--- EXERCISE REQUIREMENTS ---
For this task, output exactly the lines of the material below starting at the line with "Công nhân tại" and ending at the line with "и попытке искупаться"; pictures are to be excluded.

--- EXCERPTED DATA ---

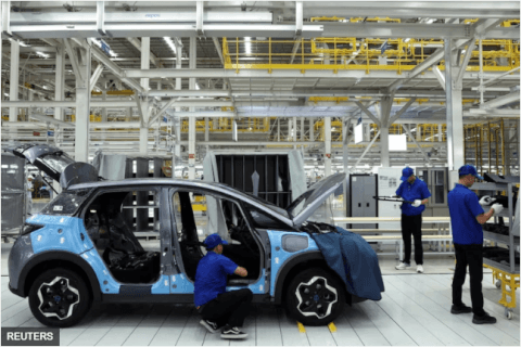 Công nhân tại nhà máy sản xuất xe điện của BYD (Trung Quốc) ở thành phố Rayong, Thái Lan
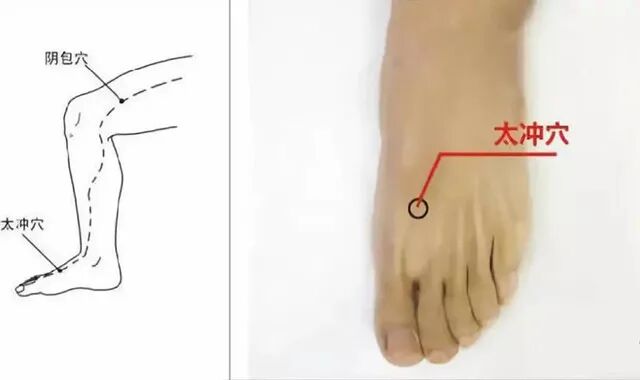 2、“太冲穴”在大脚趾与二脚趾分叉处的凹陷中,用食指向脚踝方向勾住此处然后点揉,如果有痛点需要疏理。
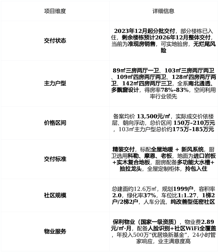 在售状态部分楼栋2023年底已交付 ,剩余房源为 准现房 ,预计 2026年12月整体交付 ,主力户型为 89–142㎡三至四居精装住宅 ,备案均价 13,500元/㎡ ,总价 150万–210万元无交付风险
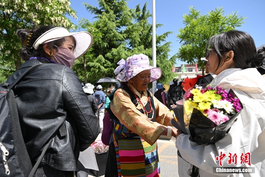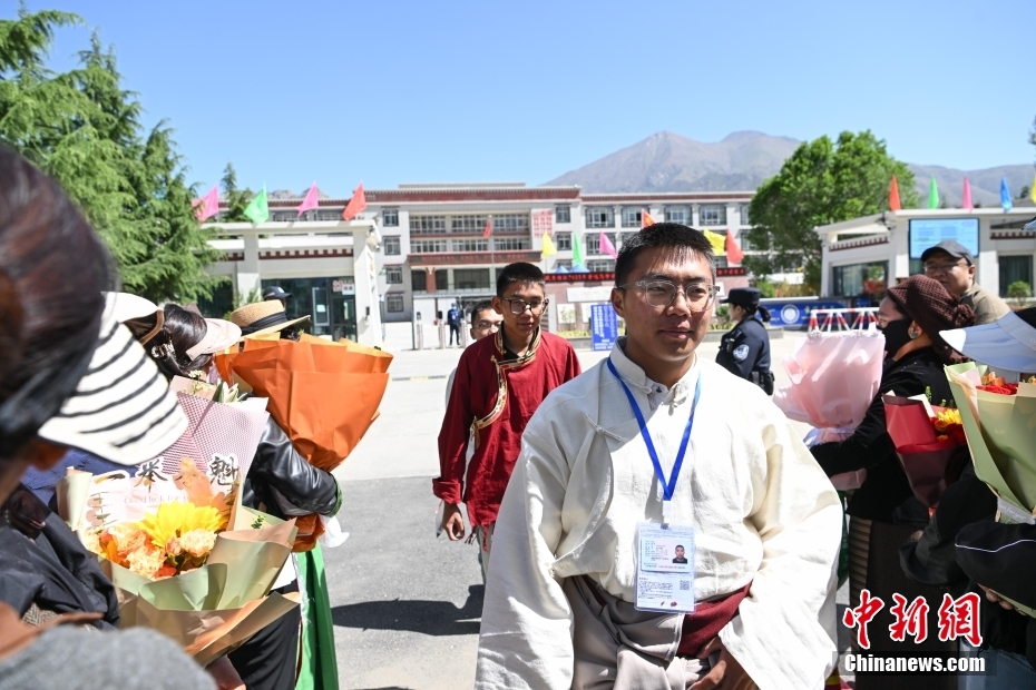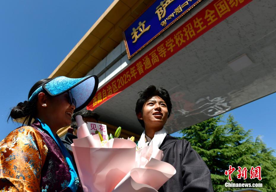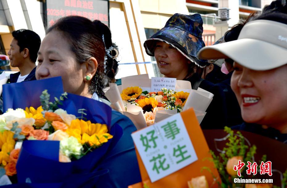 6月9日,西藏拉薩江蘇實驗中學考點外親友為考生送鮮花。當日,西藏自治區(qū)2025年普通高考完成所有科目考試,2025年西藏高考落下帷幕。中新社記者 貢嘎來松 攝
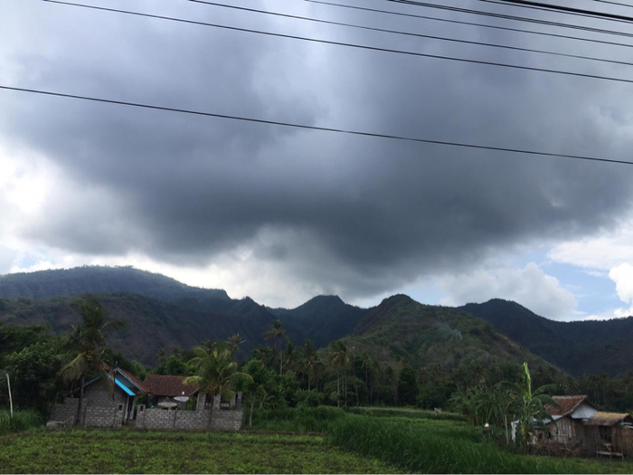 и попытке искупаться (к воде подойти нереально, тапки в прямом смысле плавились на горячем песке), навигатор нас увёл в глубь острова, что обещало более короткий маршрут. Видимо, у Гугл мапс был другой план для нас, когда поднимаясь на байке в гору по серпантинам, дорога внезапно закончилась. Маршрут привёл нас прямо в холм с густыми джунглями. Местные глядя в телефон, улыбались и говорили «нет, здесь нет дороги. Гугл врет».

---

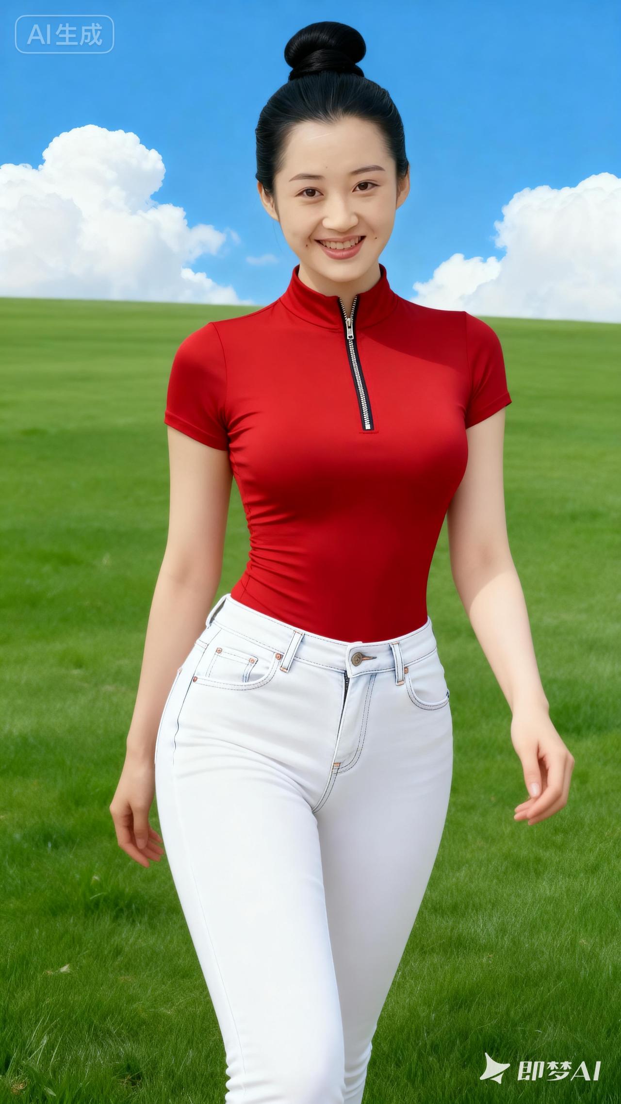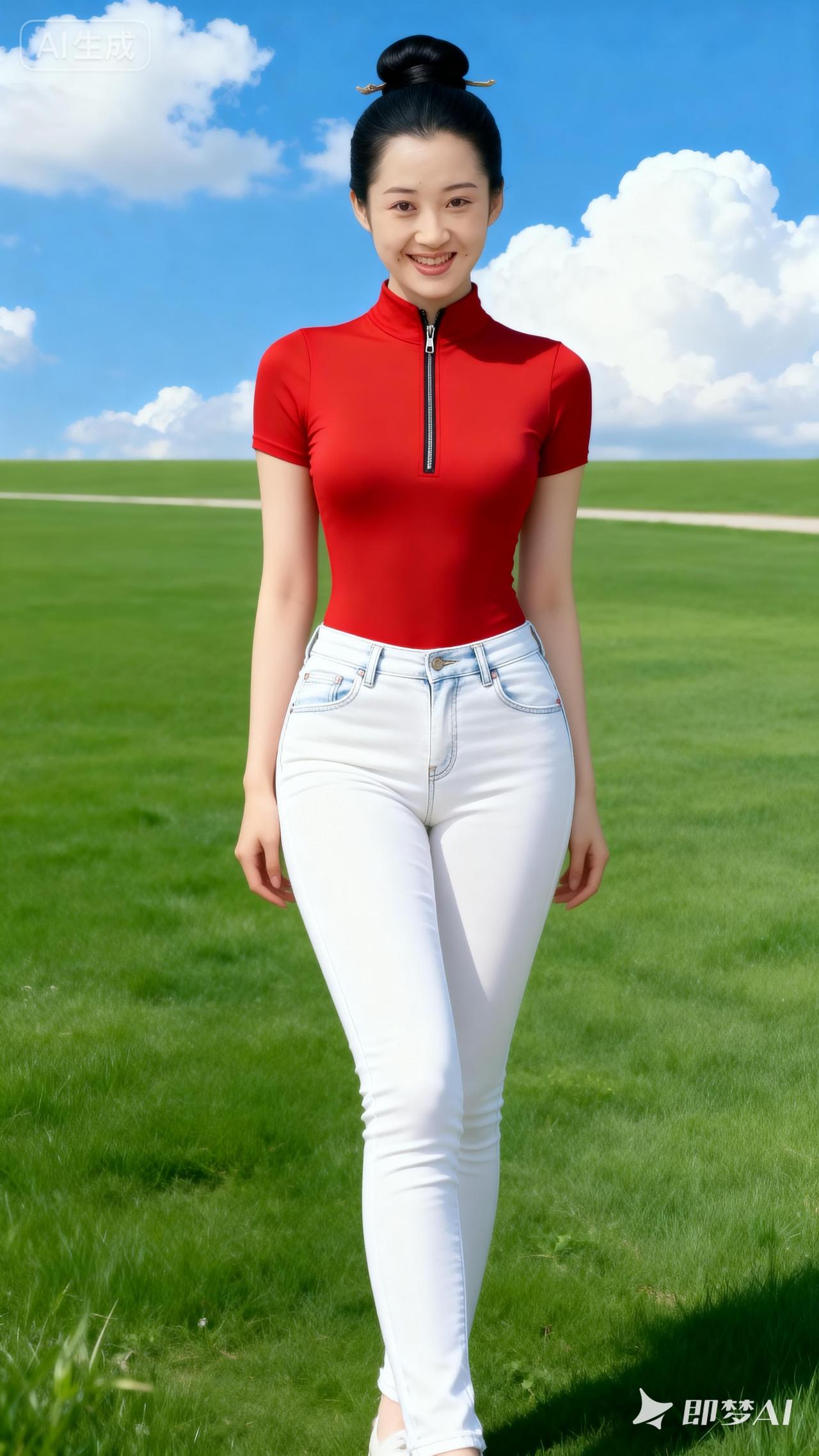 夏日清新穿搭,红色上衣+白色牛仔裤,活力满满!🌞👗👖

--

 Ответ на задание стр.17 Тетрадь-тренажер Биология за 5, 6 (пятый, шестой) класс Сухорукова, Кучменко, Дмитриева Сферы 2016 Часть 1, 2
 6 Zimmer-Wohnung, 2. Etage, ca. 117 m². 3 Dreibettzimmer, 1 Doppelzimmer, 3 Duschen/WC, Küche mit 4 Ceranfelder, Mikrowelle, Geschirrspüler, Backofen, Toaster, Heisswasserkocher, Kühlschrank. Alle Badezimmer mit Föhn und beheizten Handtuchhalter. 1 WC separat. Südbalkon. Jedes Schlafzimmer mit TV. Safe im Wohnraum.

--- ANSWER TO THIS EXERCISE ---
 Công nhân tại nhà máy sản xuất xe điện của BYD (Trung Quốc) ở thành phố Rayong, Thái Lan
 2、“太冲穴”在大脚趾与二脚趾分叉处的凹陷中,用食指向脚踝方向勾住此处然后点揉,如果有痛点需要疏理。
 在售状态部分楼栋2023年底已交付 ,剩余房源为 准现房 ,预计 2026年12月整体交付 ,主力户型为 89–142㎡三至四居精装住宅 ,备案均价 13,500元/㎡ ,总价 150万–210万元无交付风险
 6月9日,西藏拉薩江蘇實驗中學考點外親友為考生送鮮花。當日,西藏自治區(qū)2025年普通高考完成所有科目考試,2025年西藏高考落下帷幕。中新社記者 貢嘎來松 攝
 и попытке искупаться (к воде подойти нереально, тапки в прямом смысле плавились на горячем песке), навигатор нас увёл в глубь острова, что обещало более короткий маршрут. Видимо, у Гугл мапс был другой план для нас, когда поднимаясь на байке в гору по серпантинам, дорога внезапно закончилась. Маршрут привёл нас прямо в холм с густыми джунглями. Местные глядя в телефон, улыбались и говорили «нет, здесь нет дороги. Гугл врет».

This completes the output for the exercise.